Set down the data again word for word. Skip any pictures.

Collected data
★ ★ ★ ★

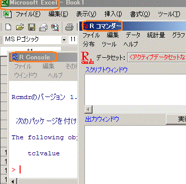 | ○RとRコマンダーの起動と終了 Rを単独に使うと,一昔前のMD-DOSにおいてキーボードからコマンドを打ち込む「パワーユーザー」のような使い方になるが、RExcelとRコマンダーもインストールしておくと多くのコマンドを画面上のマウス操作(GUIモード)で使える. これらはExcelのアドインとしてインストールされるので,実際に使うときは次のような流れになる.
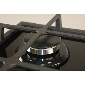 Газовая варочная панель шириной 400 мм изготовлена из закаленного стекла лаконичного черного цвета и снабжена чугунными решетками. В модели используется механическое управление. Панель оснащена 3 конфорками, одна из которых Wok с тройным рядом пламени для приготовления блюд азиатской кухни. Варочная панель также имеет конфорку быстрого нагрева, электроподжиг и газ-контроль, прекращающий подачу газа, когда пламя случайно гаснет. Подходит для магистрального и баллонного газа.
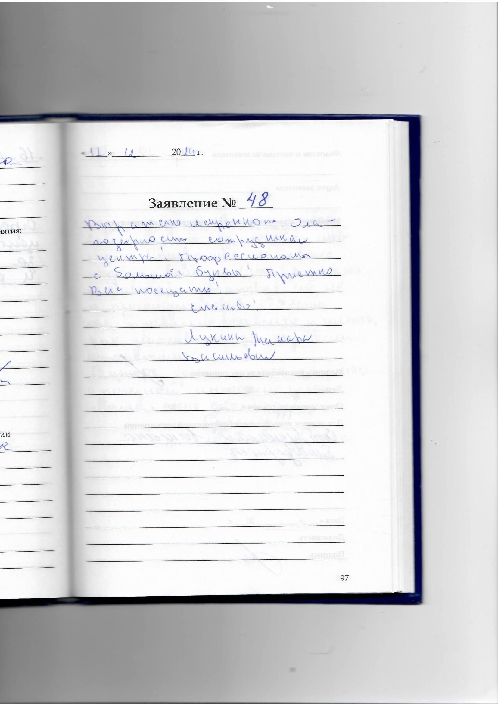 Я уже несколько раз посещаю ваш центр и искренне хочу выразить слова благодарности сотрудникам коллектива, очень внимательные, доброжелательные, отзывчивые, добрые и хорошие! От всей души поздравляю их с наступающим новым годом!!!Желаю им здоровья, счастья, семейного благополучия и конечно творческих успехов.
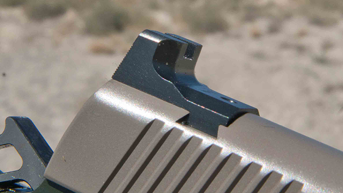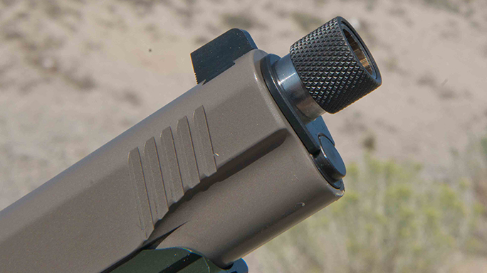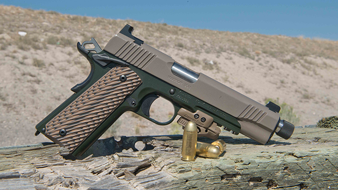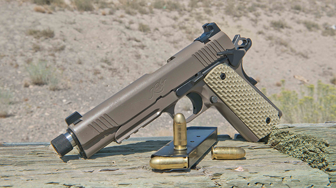 For testing, I recently got my hands on the Warrior SOC TFS, as well as Kimber’s Desert Warrior TFS. As their names suggest, both pistols come with threaded, 5.5-inch barrels. The Warrior SOC also comes with a desert tan Crimson Trace Rail Master red laser. Its frame is coated in dark green KimPro II, providing a nice look that contrasts the dark earth slide. G10 tactical grips in dark brown are also installed.
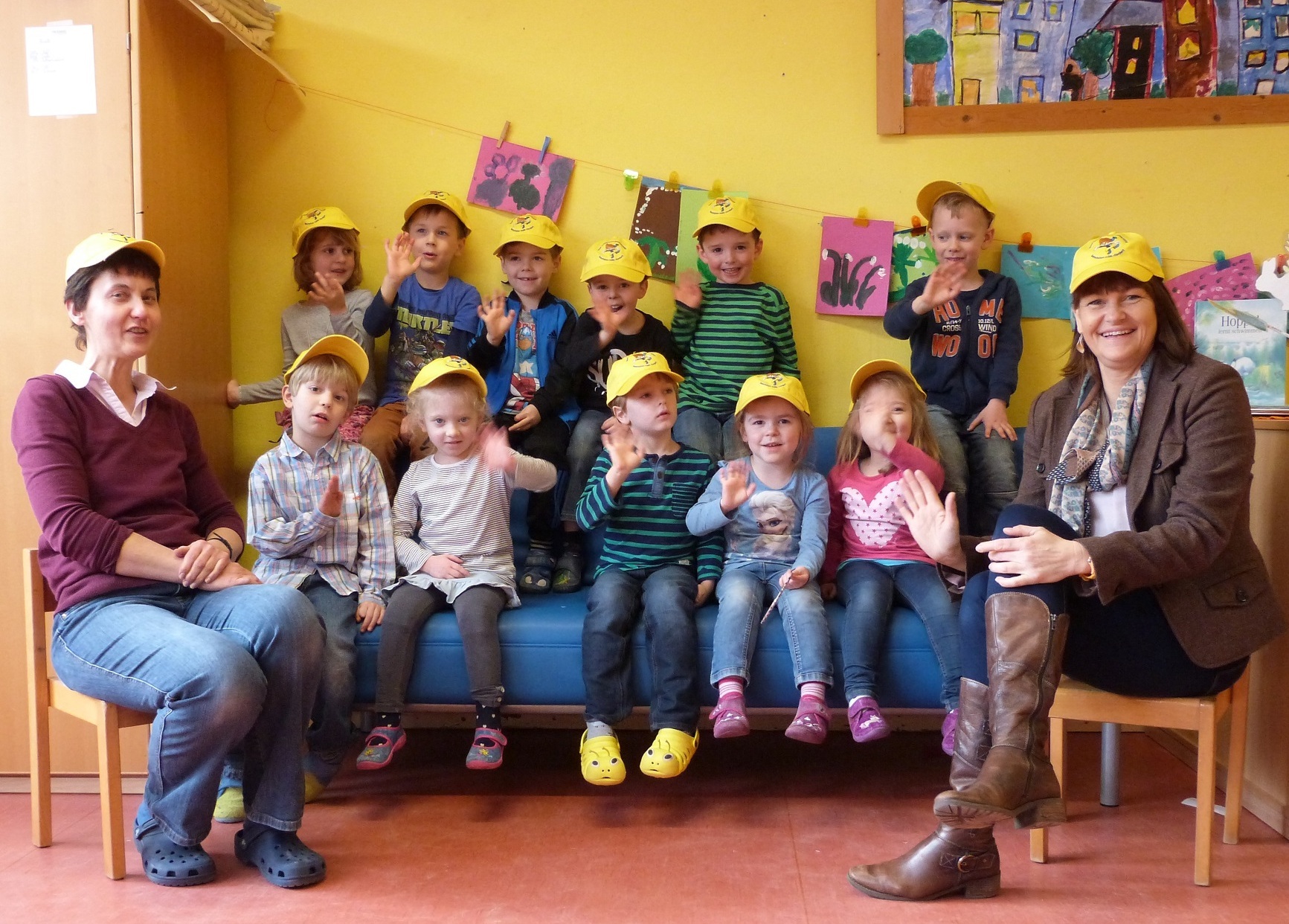 Kinder bei ihren Ausflügen sicherer machen, das will die Konzer-Doktor-Bürgerstiftung (KoDoBüSt) indem sie die Kindergärten in der Verbandsgemeinde Konz mit den leuchtend gelben Kodo Warnkappen ausstattet. Der Vorsitzende Hartmut Schwiering und Elke Steinmetz vom Stiftungsvorstand waren im März unterwegs, um die Warnkappen zu übergeben. Sowohl die Erwachsenen als auch die Kinder freuten sich über den Besuch und die neuen Warnkappen.

★ ★ ★ ★

■ FINISHED EXERCISE ■
 | ○RとRコマンダーの起動と終了 Rを単独に使うと,一昔前のMD-DOSにおいてキーボードからコマンドを打ち込む「パワーユーザー」のような使い方になるが、RExcelとRコマンダーもインストールしておくと多くのコマンドを画面上のマウス操作(GUIモード)で使える. これらはExcelのアドインとしてインストールされるので,実際に使うときは次のような流れになる.
 Газовая варочная панель шириной 400 мм изготовлена из закаленного стекла лаконичного черного цвета и снабжена чугунными решетками. В модели используется механическое управление. Панель оснащена 3 конфорками, одна из которых Wok с тройным рядом пламени для приготовления блюд азиатской кухни. Варочная панель также имеет конфорку быстрого нагрева, электроподжиг и газ-контроль, прекращающий подачу газа, когда пламя случайно гаснет. Подходит для магистрального и баллонного газа.
 Я уже несколько раз посещаю ваш центр и искренне хочу выразить слова благодарности сотрудникам коллектива, очень внимательные, доброжелательные, отзывчивые, добрые и хорошие! От всей души поздравляю их с наступающим новым годом!!!Желаю им здоровья, счастья, семейного благополучия и конечно творческих успехов.
 For testing, I recently got my hands on the Warrior SOC TFS, as well as Kimber’s Desert Warrior TFS. As their names suggest, both pistols come with threaded, 5.5-inch barrels. The Warrior SOC also comes with a desert tan Crimson Trace Rail Master red laser. Its frame is coated in dark green KimPro II, providing a nice look that contrasts the dark earth slide. G10 tactical grips in dark brown are also installed.
 Kinder bei ihren Ausflügen sicherer machen, das will die Konzer-Doktor-Bürgerstiftung (KoDoBüSt) indem sie die Kindergärten in der Verbandsgemeinde Konz mit den leuchtend gelben Kodo Warnkappen ausstattet. Der Vorsitzende Hartmut Schwiering und Elke Steinmetz vom Stiftungsvorstand waren im März unterwegs, um die Warnkappen zu übergeben. Sowohl die Erwachsenen als auch die Kinder freuten sich über den Besuch und die neuen Warnkappen.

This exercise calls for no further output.